We are further advancing precision oncology through our next-generation bispecific (OBI-201) and bispecific, dual-payload (OBI-221) ADCs. These "biology - driven" molecules are designed to overcome tumor heterogeneity and multi-drug resistance-key challenges in current cancer treatment. By incorporating both the GlycOBI^® and GlycOBI DUO^® platforms, OBI is developing novel and differentiated therapeutics addressing the unmet medical need for patients with difficult-to-treat solid tumors. Additionally, OBI's robust ADC conjugation platform has proven to consistently deliver product quality and scalability, while enabling expansion into next-generation modalities, including degrader-antibody conjugates (DACs).
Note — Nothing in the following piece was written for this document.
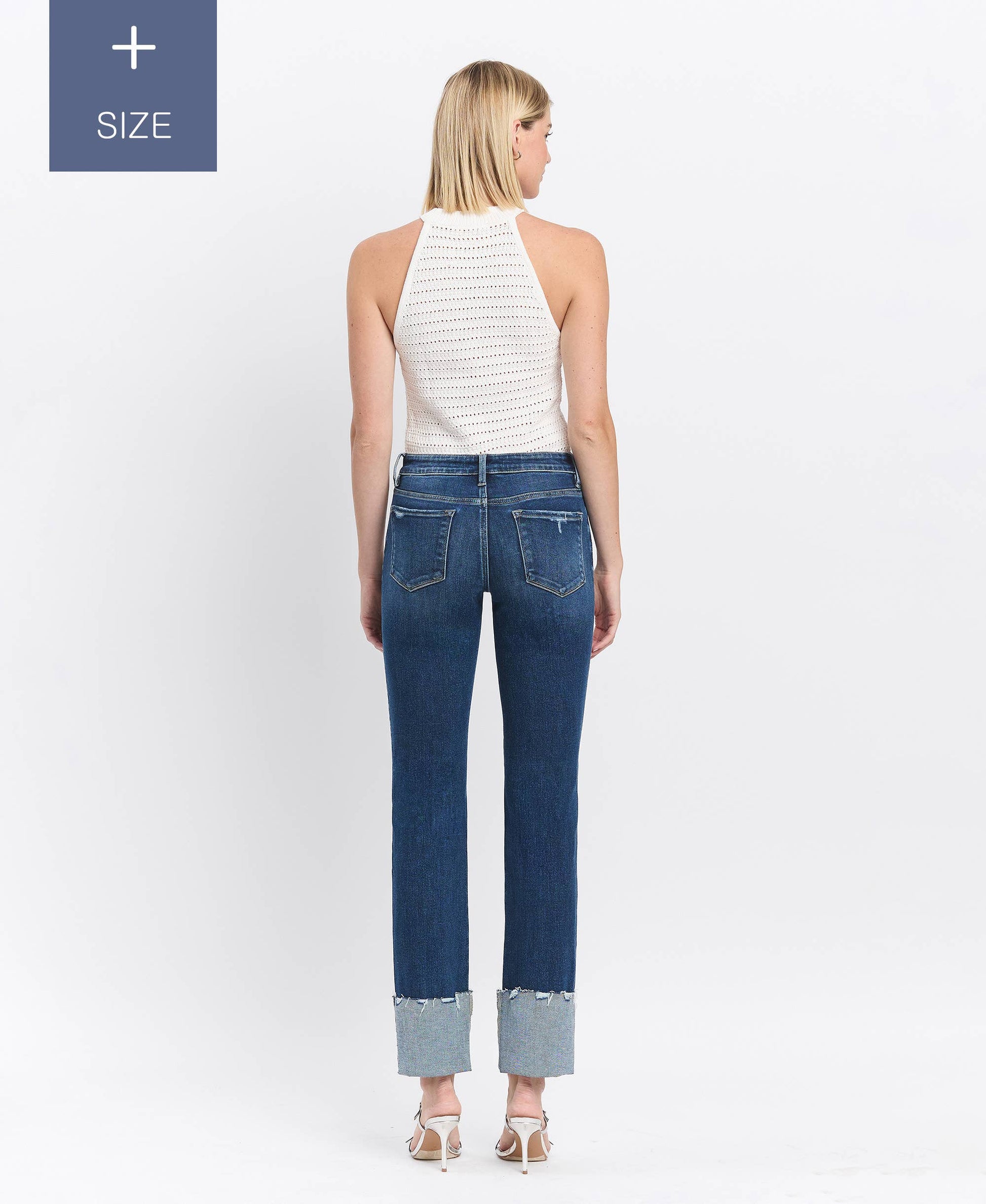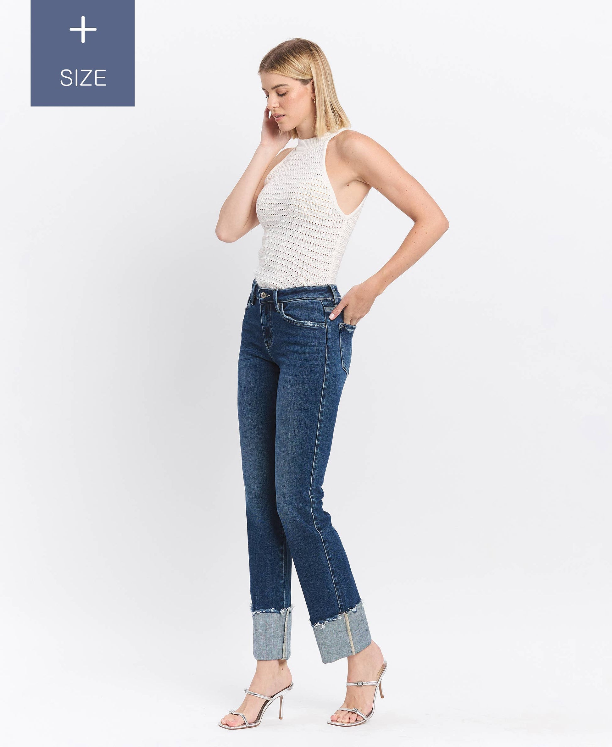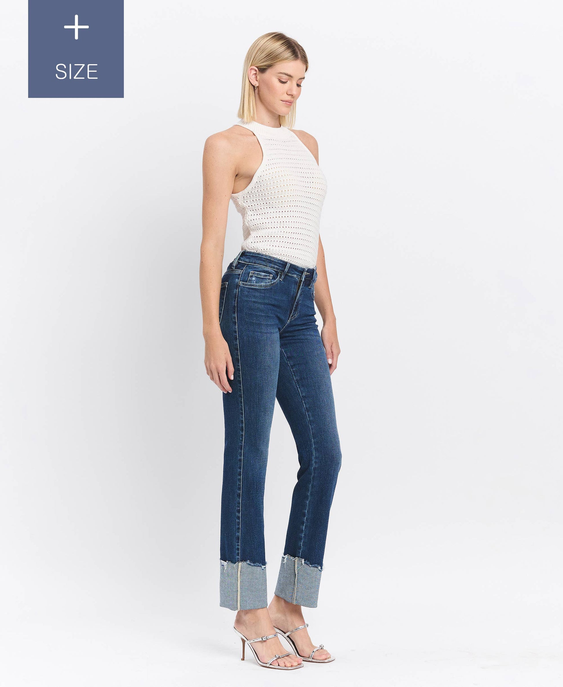 PLUS TUMMY CONTROL MID RISE CUFFED SLIM STRAIGHT JEANS

These data will be presented at the American Association of Cancer Research (AACR) Annual Meeting from April 17 to 22, 2026 in San Diego, CA. (USA).

"At OBI, we make better ADCs," said Dr. Ya-Chi Chen, Chief Scientific Officer OBI Pharma. "Our goal is to deliver therapies that not only target tumors more effectively and precisely, but also reduce side effects, giving patients potentially life-changing treatment options."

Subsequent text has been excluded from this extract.